[WHAT YOU WILL DO]:
Leaving out all pictures, transcribe the lines below exactly, from the first through the line containing "Lemon Fine Knit".

Dataset records
____

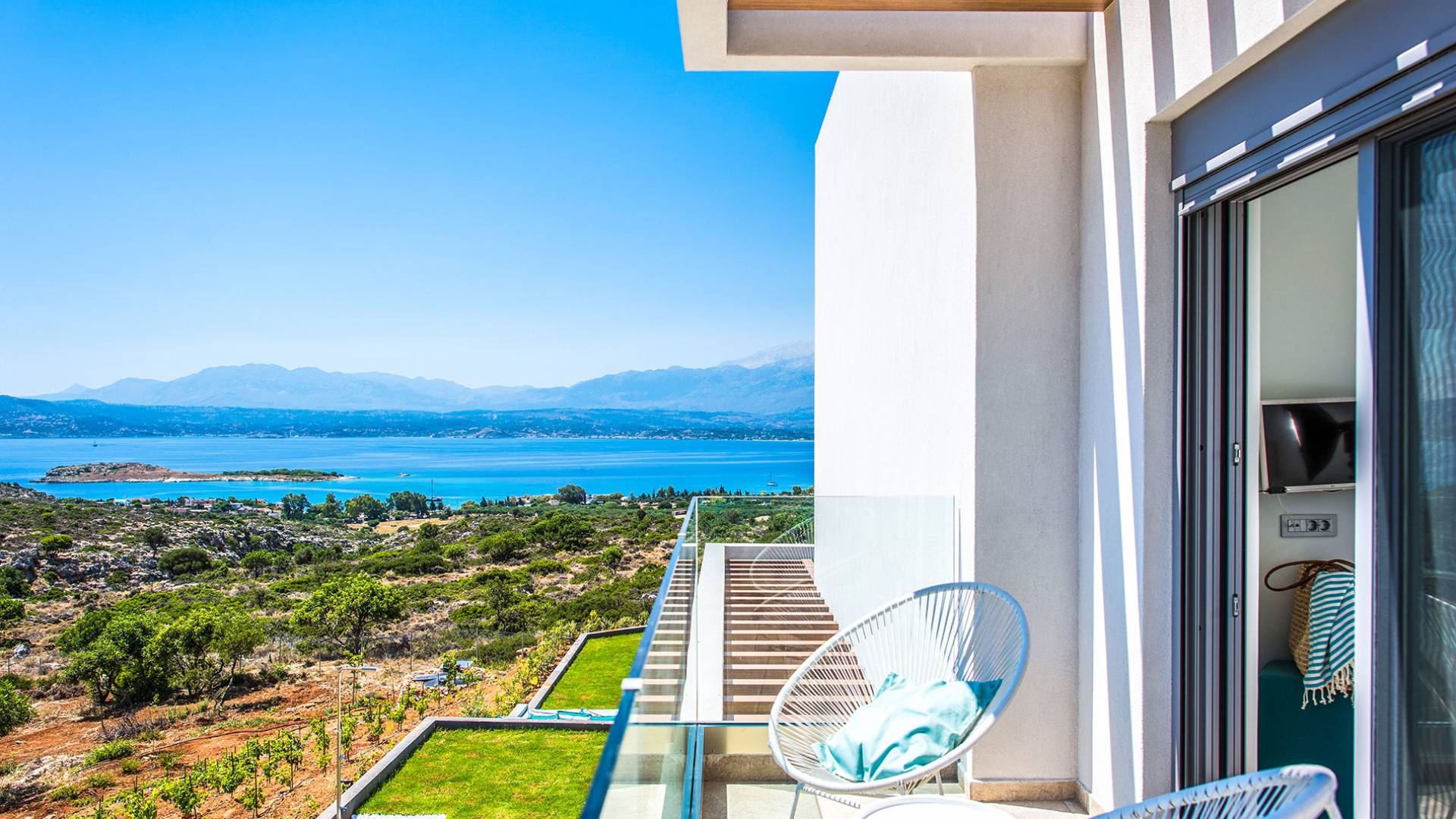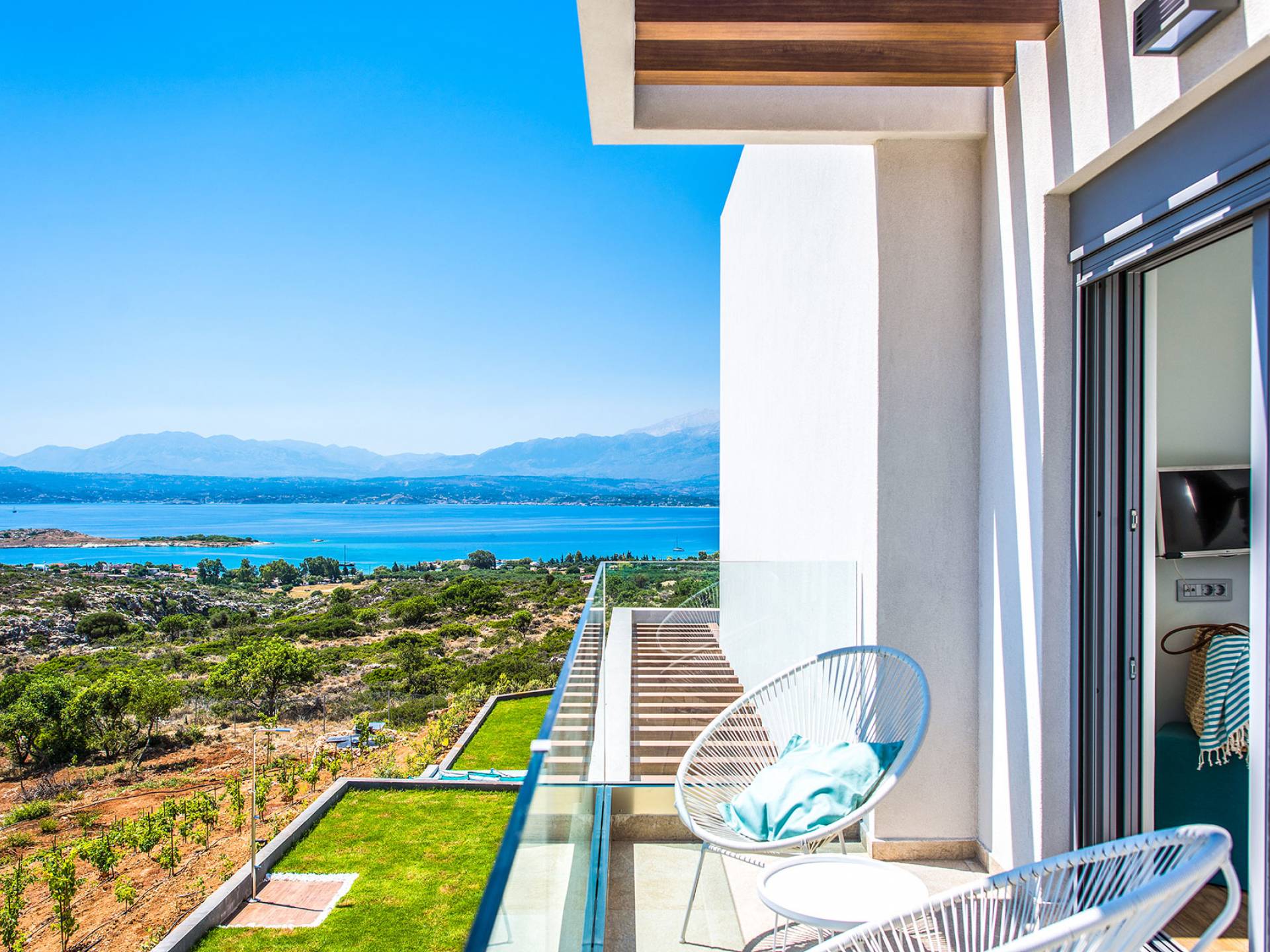 - la vue. Le bleu sans fin de la baie de Souda et des montagnes blanches de votre piscine à débordement est tout simplement à couper le souffle.
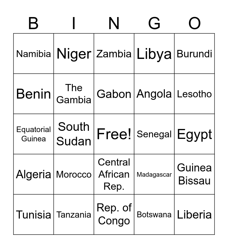 This bingo card has a free space and 24 words: Morocco, Tanzania, Gabon, Tunisia, Burundi, Namibia, Benin, Niger, Senegal, Central African Rep., Angola, Equatorial Guinea, Madagascar, Guinea Bissau, The Gambia, Botswana, Egypt, Zambia, Lesotho, South Sudan, Liberia, Algeria, Libya and Rep. of Congo.
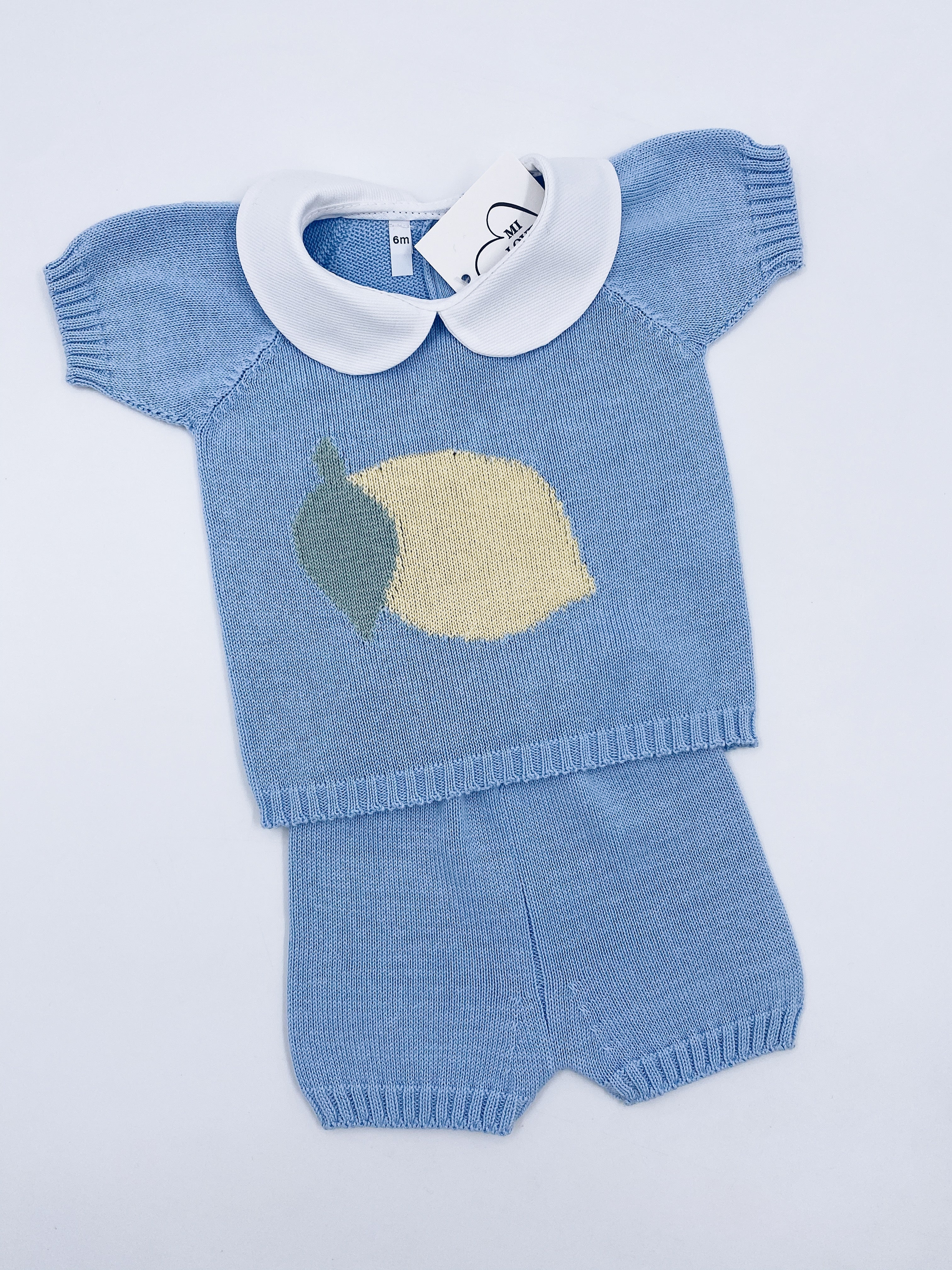 Lemon Fine Knit Summer Set with Peter Pan collar .Unisex style suitable for boys and girls.
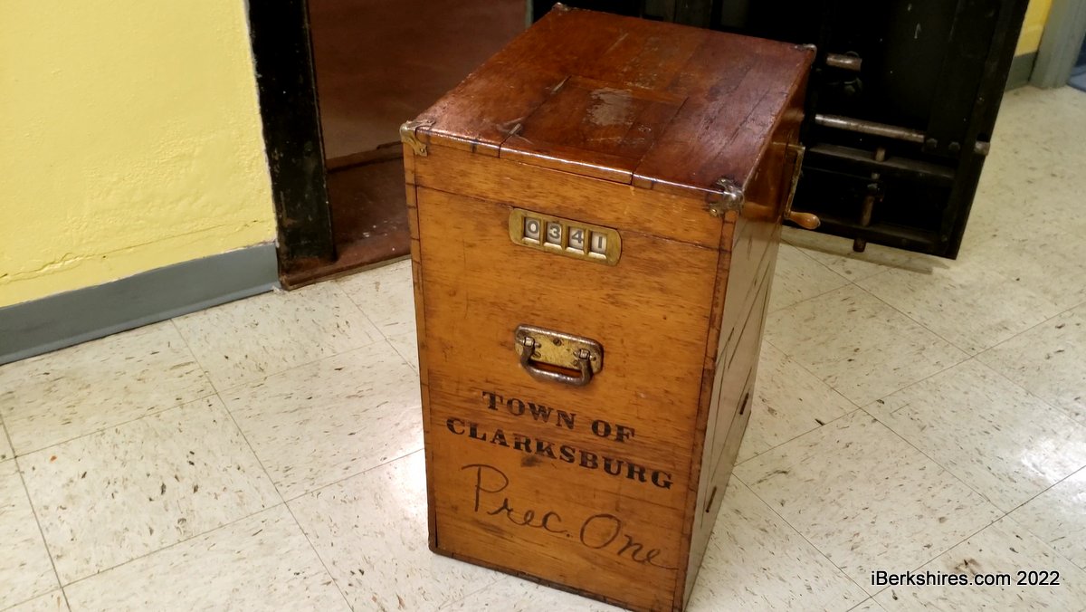 The old ballot box for Precinct 1 and its little bell that rang when a ballot was hand cranked into it has been stored away in the vault with two others. The town once had three precincts, a nod to the neighborhood clusters that were a fair distance from each other.
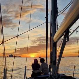 Welkom aan boord! Begin aan een rondleiding door Lissabon vanuit een heel andere hoek. Sluit je aan bij je gepassioneerde gids op een zeilboot bij zonsondergang en leg de bezienswaardigheden van de mooiste plekken in de stad vast.
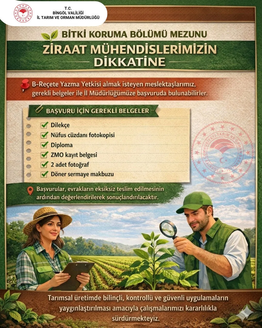 Bingöl İl Tarım ve Orman Müdürlüğü, bitki koruma alanında görev yapan ziraat mühendislerini ilgilendiren önemli bir duyuru yaptı. Yapılan açıklamada, B-Reçete Yazma Yetkisi almak isteyen Bitki Koruma Bölümü mezunu ziraat mühendisleri için başvuru sürecinin başladığı bildirildi.
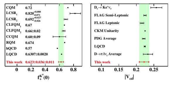 图 4:(a)测定的形状因子零点值与多种理论计算结果的比较图. (b) 测定的CKM矩阵元|Vcd| 与理论文献的对比图。
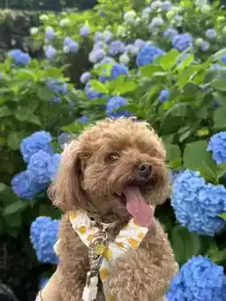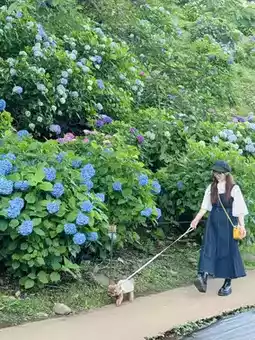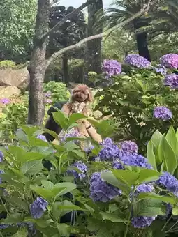 Now is the perfect time to visit! A hydrangea spot where you can bring your dog!
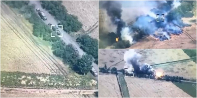 Ukrajinske snage su raznele rusko oklopno borbeno vozilo MTLB i oko šest kamiona, koji su prevozili artiljerijsko oružje, navodi se uz snimak.
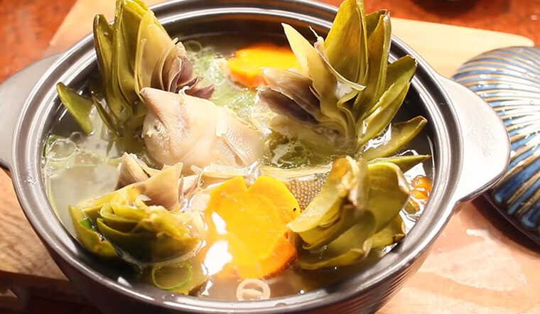 Atiso có thể dùng dưới dạng nấu canh, hầm giò heo hoặc uống trà, nhưng không nên lạm dụng quá nhiều trong ngày.
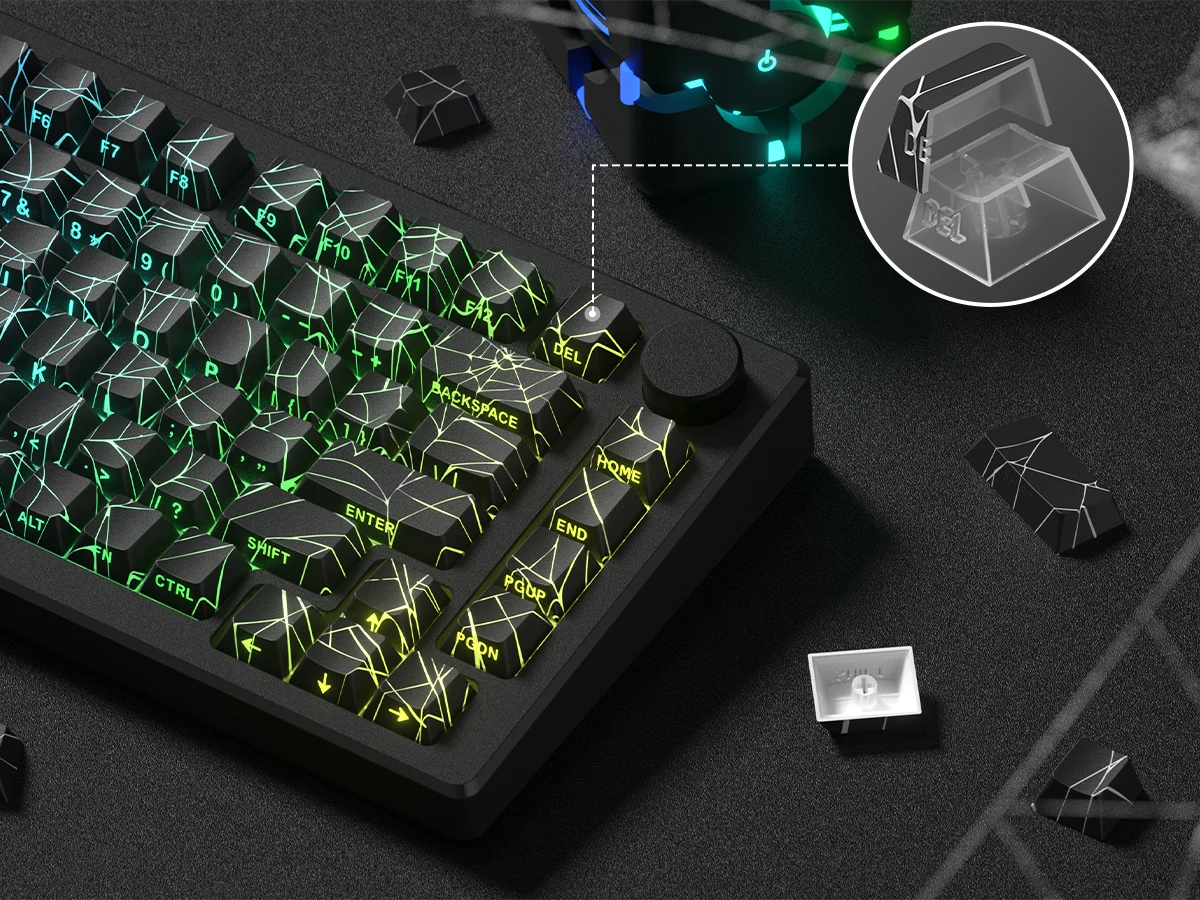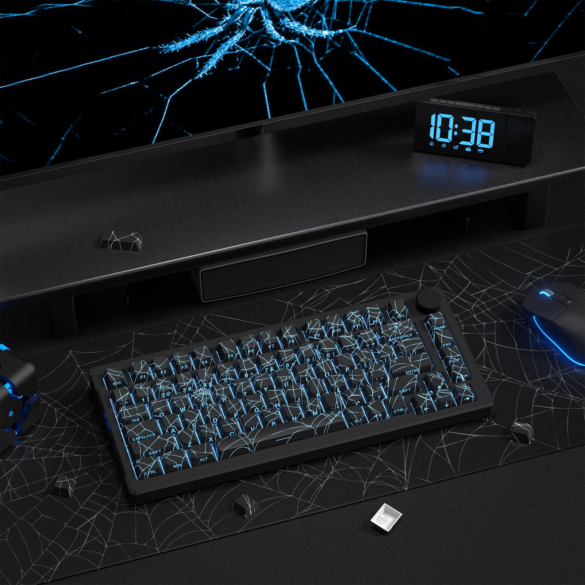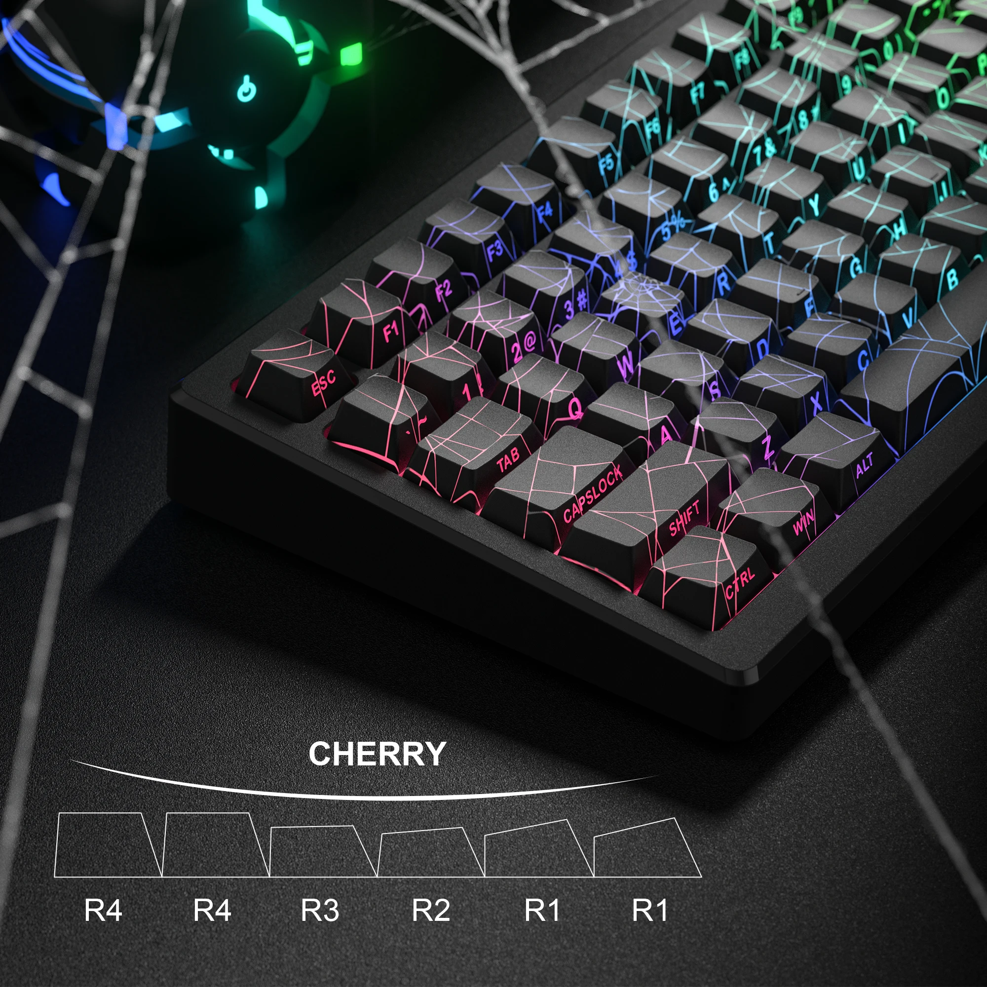 Comprar 134 teclas perfil de cereza tela de araña impresión lateral brillo a través de teclas 5 lados tinte Sub PBT teclas para interruptores MX teclado para juegos

____

[ANSWER SECTION]:
 - la vue. Le bleu sans fin de la baie de Souda et des montagnes blanches de votre piscine à débordement est tout simplement à couper le souffle.
 This bingo card has a free space and 24 words: Morocco, Tanzania, Gabon, Tunisia, Burundi, Namibia, Benin, Niger, Senegal, Central African Rep., Angola, Equatorial Guinea, Madagascar, Guinea Bissau, The Gambia, Botswana, Egypt, Zambia, Lesotho, South Sudan, Liberia, Algeria, Libya and Rep. of Congo.
 Lemon Fine Knit Summer Set with Peter Pan collar .Unisex style suitable for boys and girls.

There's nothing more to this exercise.